The History of the Village Housing from 1945 onwards...

 

The history of housing in Bere Regis indicates that until around the time of the 2nd World War it was provided in the main by the estates and employers so that housing and employment were closely associated. Older parishioners have spoken of their fortune in being 'given' a cottage to live in soon after their marriage. As older employees moved from jobs so a cottage would become available for the employee.

Parishioner & her cottage

Clearly this situation had severe limitations and though some employers provided some new cottages there was still a severe shortage of housing. The Parish Council is recorded as requesting the District Council to build houses for the parishioners, hence we now see Green Close, Egdon Close, Southbrook & Shitterton Close. These houses must have been a great relief to the many then young people trying to set up their homes and families at that time.

Southbrook Close in the 1950's

In the 1940's and 1950's the estates could be seen to be reducing the numbers of cottages that they held as the work on the land and forests became less labour intensive. Cottages were sold to the tenants for prices which today would seem a pittance. Subsequently, as the older parishioners died or moved away, these same cottages were sold on and attracted prices way beyond the reach of the parishioners who previously would have occupied them in due course.

2 of the Cottages sold off in Shitterton in the 1940's

A few new individual houses were built throughout the Parish in the post war years. The small development at Boswell's Close were erected by Messrs Griffin & Son in the 1960's. The major public housing on the south side of West Street and to the west of the Church came in the late 1970's. This was in response to a shortage of housing in the District generally.
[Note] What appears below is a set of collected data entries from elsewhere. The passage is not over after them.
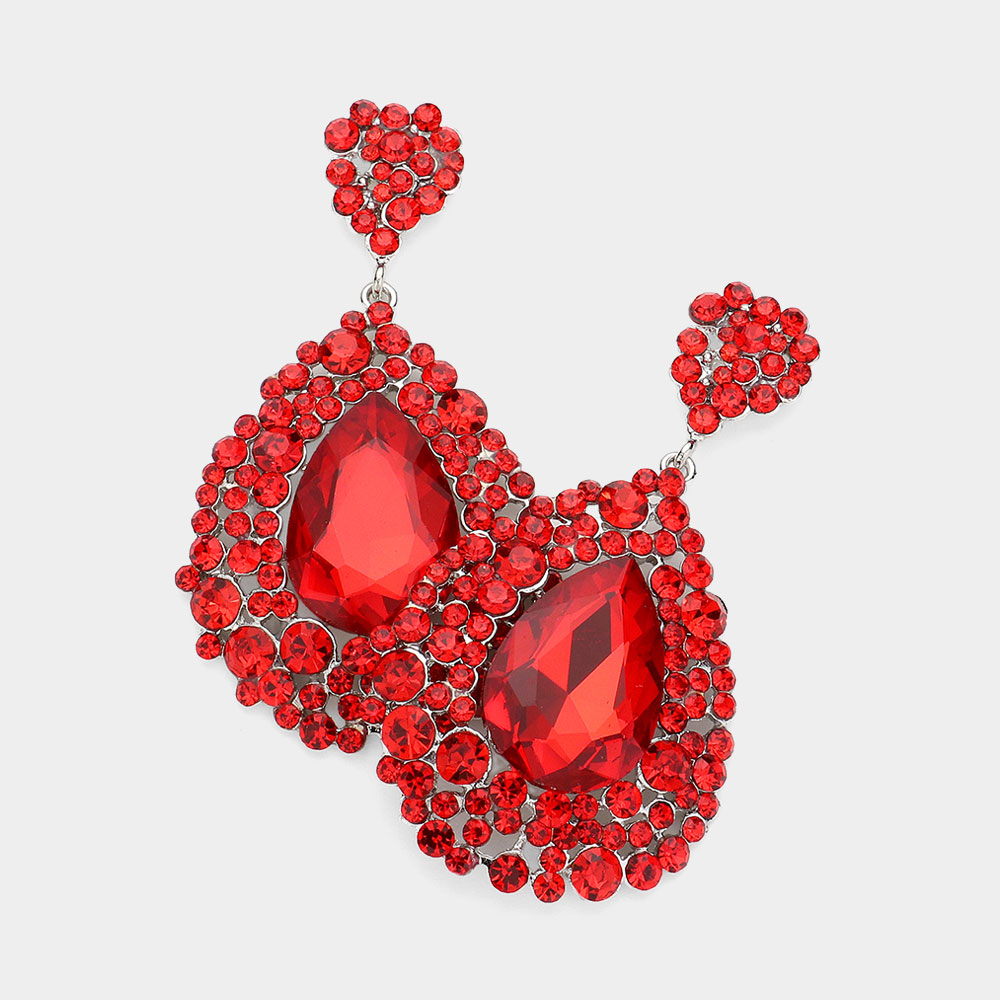 Teardrop Pointed Rhinestone Embellished Dangle Evening Earrings
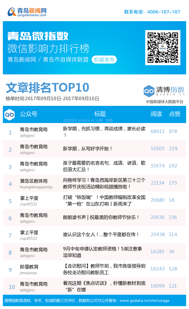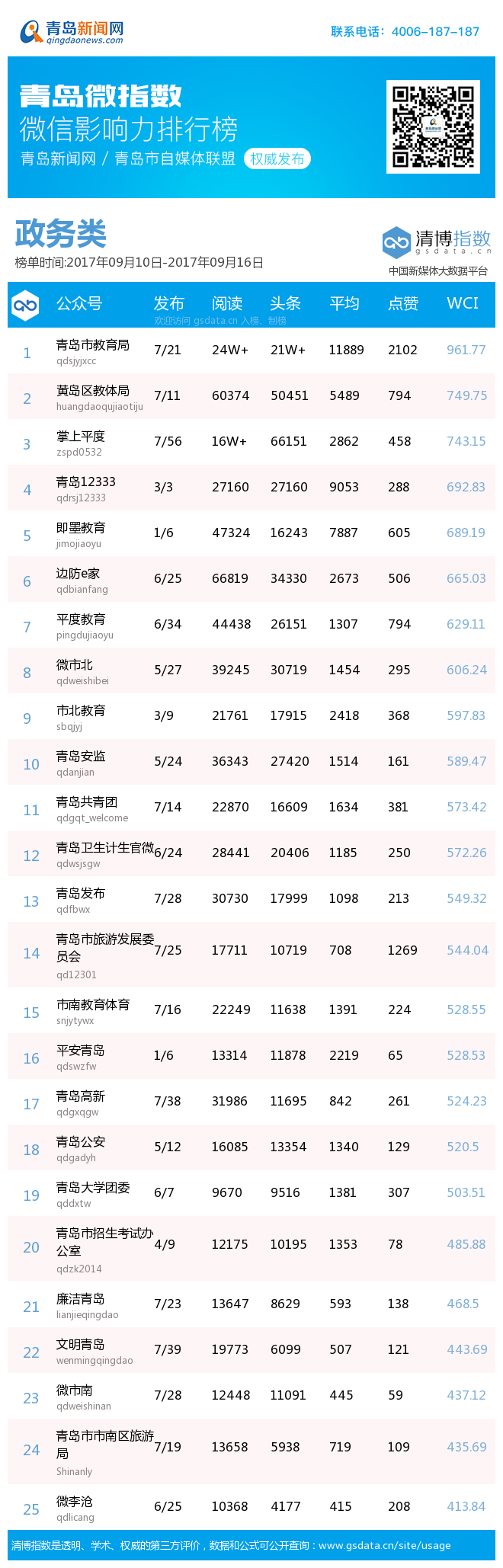 从WCI指数来看,本周政务类微信指数整体有所下降,过600的只有8个,比上周少3个。但值得注意的是,“青岛市教育局”在整体指数走低的情况下,仍以总阅读数24W+,总点赞数2102,WCI指数961.77的好成绩高居政务类榜首,成为本周政务类唯一一个指数上涨50+的微信,其发布的文章在热文榜TOP10中更是霸占7篇。
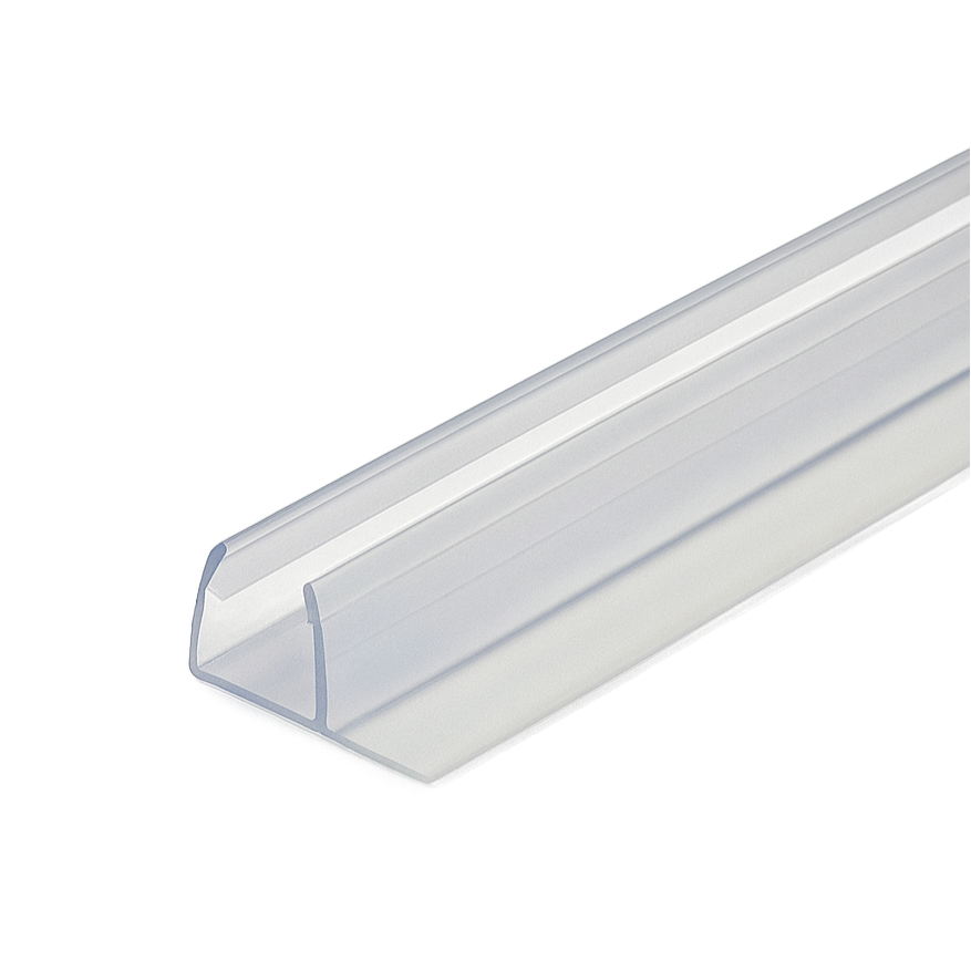 Snap-on bottom seal for frameless shower doors. F-profile with a soft leg (wipe fin) that helps deflect water back into the enclosure—no drilling required.

Naturally homeless parishioners were included but as a result of this development there was a considerable increase in people moving into the parish from other parts of the District. Though it provided housing it was not always a satisfactory solution as people moving from Upton and away from their area of work, it involved a long journey each day. For local people it meant that young people who had by now married, could set up homes independent of their parents. The development was designed to serve the requirements of all ages on the Housing register, thus we see flats, houses, bungalows for elderly people and a sheltered housing scheme. There was criticism at the time for building so close to the Church.

1970's Development

The 1980's saw the reduction in the provision of new public housing and there was an encouragement to build houses for purchase by individuals. The estate at the western end of Elder Road with its two satellite roads resulted. Regrettably many of these houses were beyond the affordable range of young parishioners and so there was again a large influx of new people both retired and from the new 'industries' within the conurbation. A few individual houses have since been built on infilling sites such as the Old Chapel and Bus Depot, Snowhill & Shitterton.